Double The Exposure
TL;DR
Patient portals and health apps are exploding. 78% of patients who were offered online access to their medical record used it in 2024, and 65% of those did so through a smartphone health app. That’s huge for digital health, but it also increases your HIPAA and cybersecurity risks. In this post, I break down what’s fueling this surge, the blind spots I see inside scaling health tech companies, and how to close the gaps before regulators or hackers find them first.
The Problem with Scaling
I’ve worked with health tech teams who have airtight security for EHR integrations.
Access controls, encryption, and breach notification all squared away.
Then they rolled out a new solution such as a patient portal and things started slipping.
The patient portal was built using a separate API stack.
It was managed by a different engineering team.
Their were no vendor security reviews.
Their was no risk assessment.
No new business associate agreements (BAAs) signed with app developers.
(Yes, your contractors that manage systems with PHI need to sign BAAs.)
In short, they were scaling fast with a few missteps.
How Patient Portals & Health Apps Escalate Your Risk
Patient portal use has nearly doubled over the last decade according to the Office of the Assistant Secretary for Technology Policy.
Mobile health app use is booming too.
Nearly 60% of patients now use a health app to manage care.
That’s great for outcomes.
But bad for risk.
PHI isn’t just in one place anymore.
It’s flying across systems, APIs, vendors, and devices.
And that’s where HIPAA compliance breaks.
Most health tech teams build compliance around their core product.
The patient portal.
The telehealth platform.
The first EHR integration.
But as the company grows, PHI doesn’t stay there.
It spreads.
It flows through mobile apps, billing platforms, analytics, and IoT.
If your HIPAA program wasn’t built to protect all of that, you’re exposed.
Even if your flagship product is air tight.
This is exactly why I push teams to run the HIPAA Exposure Audit.
It shows you if your compliance posture actually matches the way your data moves today.
👉 Grab the self-guide here
What This Looks Like on the Inside
Here’s what I’ve seen inside fast-growing health tech companies:
❌ BAAs missing for new vendors receiving PHI.
❌ No dual auth on the patient portal side.
❌ Logs aren't stored long enough.
❌ No risk assessment completed to identify risks from mobile or FHIR integrations.
And when hackers hit.
OCR won’t only investigate the new app.
They’ll comb through everything, including your flagship product.

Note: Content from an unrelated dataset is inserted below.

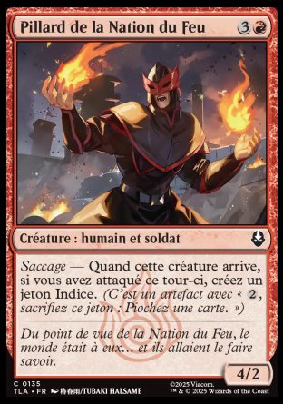 Saccage — Quand cette créature arrive, si vous avez attaqué ce tour-ci, créez un jeton Indice (Un indice est un artefact avec " , sacrifiez cet artefact : Piochez une carte.").

Scaling Patient Engagement Without Sacrificing Security
So how should a health tech leader address this?
✅ Extend Security Oversight
Get your vCISO or compliance lead in the room before patient-facing code gets green-lit.
✅ Lock Down Third-Parties
Update your vendor list, ensure BAAs are current, and validate security controls.
(Yes, even for that new patient SMS tool or analytics dashboard.)
✅ Conduct a Risk Assessments
HIPAA requires regular assessments and new products reset the clock.
✅ Centralize Monitoring & Logging
If you can’t see app activity across all platforms, you can’t protect it.
The HIPAA Exposure Guide
Most teams I work with fail at HIPAA because compliance never scaled beyond their first product.
That’s why I put together the free HIPAA Compliance Exposure Guide.
It's built for growth-stage digital health companies ready to uncover these blind spots.
It goes beyond the generic checklists to show you:
✅ Where you might be missing BAAs.
✅ How well your access controls really protect new PHI streams.
✅ If your incident response plan is ready for a multi-product breach.
👉 Download it here
Let’s Open This Up
What’s your biggest worry as health care goes digital?
Is it having your PHI stored in the cloud?
Vendors you’ve never heard of handling your data?
Or all the breach headlines making you wonder who you can trust?
Drop a comment.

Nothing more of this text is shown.